-- EXERCISE OBJECTIVE --
Please set down only the lines below starting with the line with "何老师: 渠道为王-金牌经销商开发与管理 上海企训企管" and going on through the line with "2月7日,苏翊鸣在第三跳后。新华社记者 胡超 摄", verbatim and without pictures.

-- DATASET --
━━━━━━

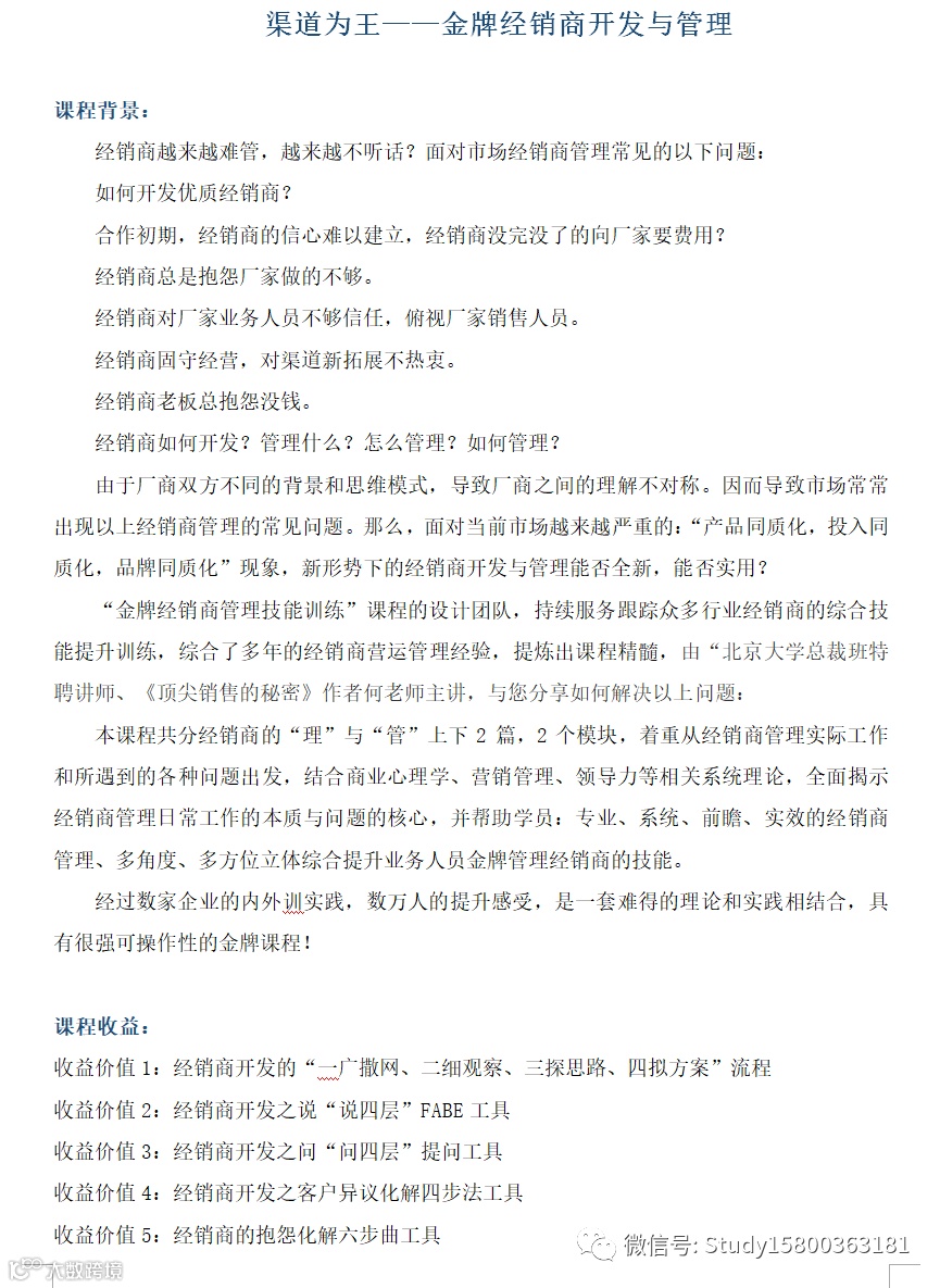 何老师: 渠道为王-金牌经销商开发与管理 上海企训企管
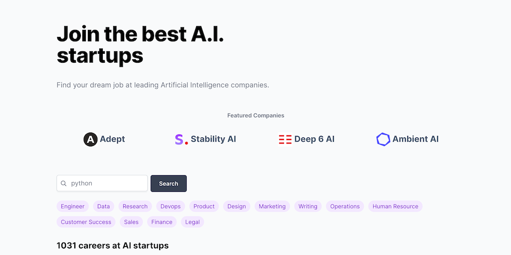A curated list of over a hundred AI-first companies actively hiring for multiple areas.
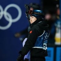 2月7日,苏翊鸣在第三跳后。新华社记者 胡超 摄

━━━━━━

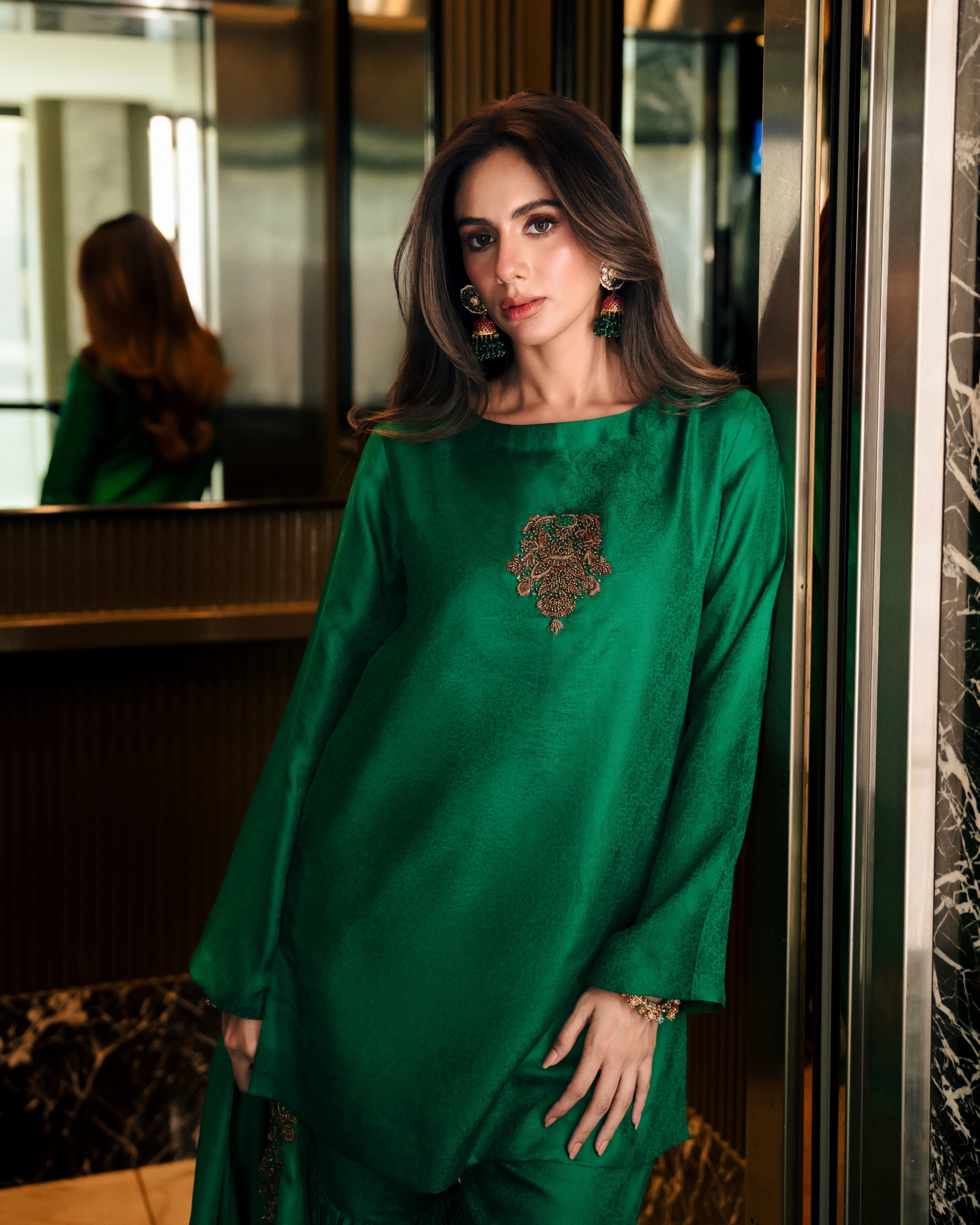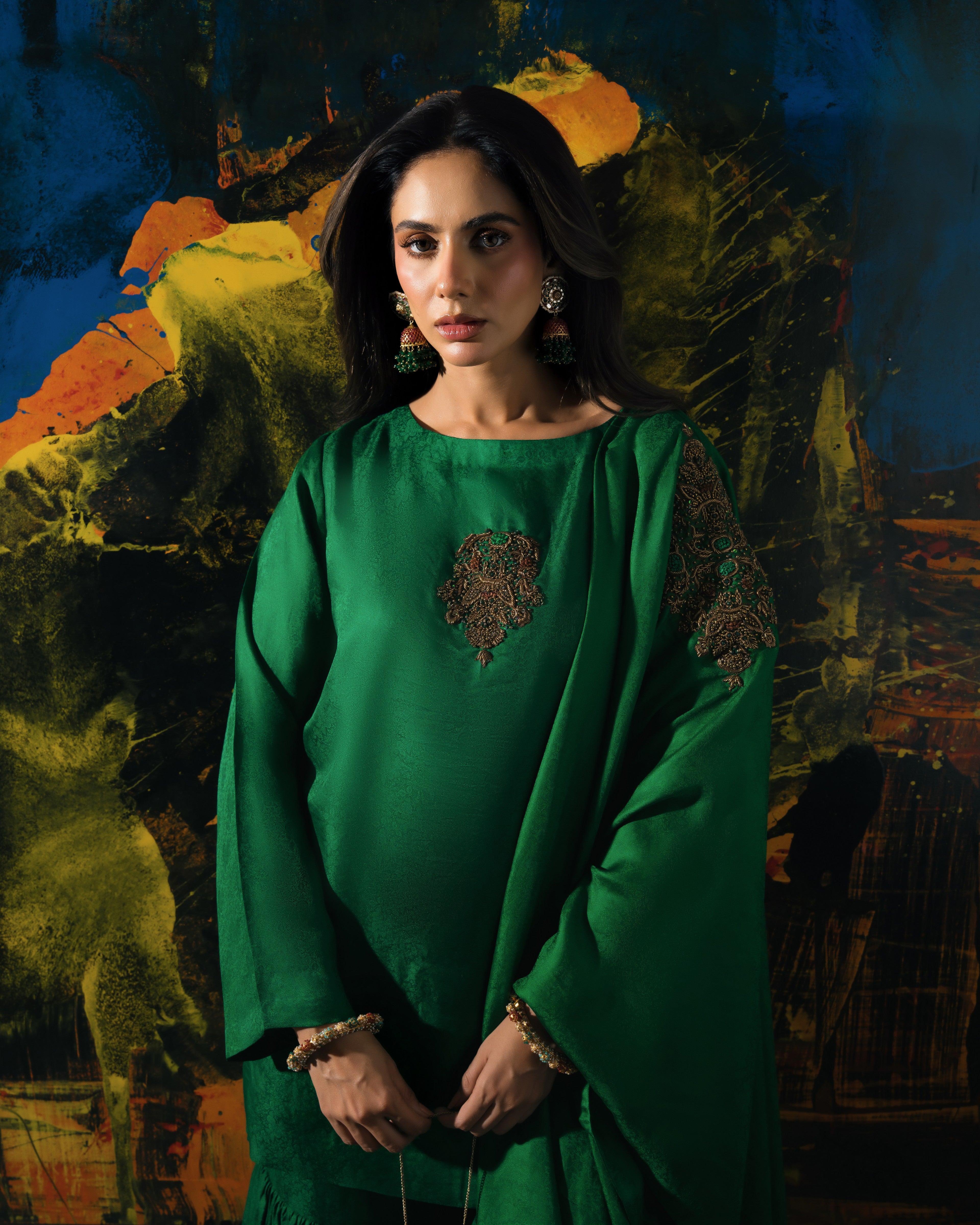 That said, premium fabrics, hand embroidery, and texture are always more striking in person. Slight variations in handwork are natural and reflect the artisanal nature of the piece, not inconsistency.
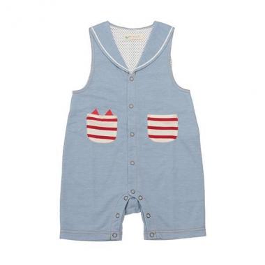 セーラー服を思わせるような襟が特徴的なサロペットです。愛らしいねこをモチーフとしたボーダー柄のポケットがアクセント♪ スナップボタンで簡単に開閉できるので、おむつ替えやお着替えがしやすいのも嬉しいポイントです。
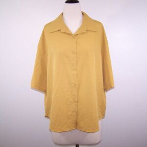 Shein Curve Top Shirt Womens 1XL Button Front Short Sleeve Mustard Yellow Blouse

━━━━━━

-- ANSWER TO THIS PROBLEM --
 何老师: 渠道为王-金牌经销商开发与管理 上海企训企管
A curated list of over a hundred AI-first companies actively hiring for multiple areas.
 2月7日,苏翊鸣在第三跳后。新华社记者 胡超 摄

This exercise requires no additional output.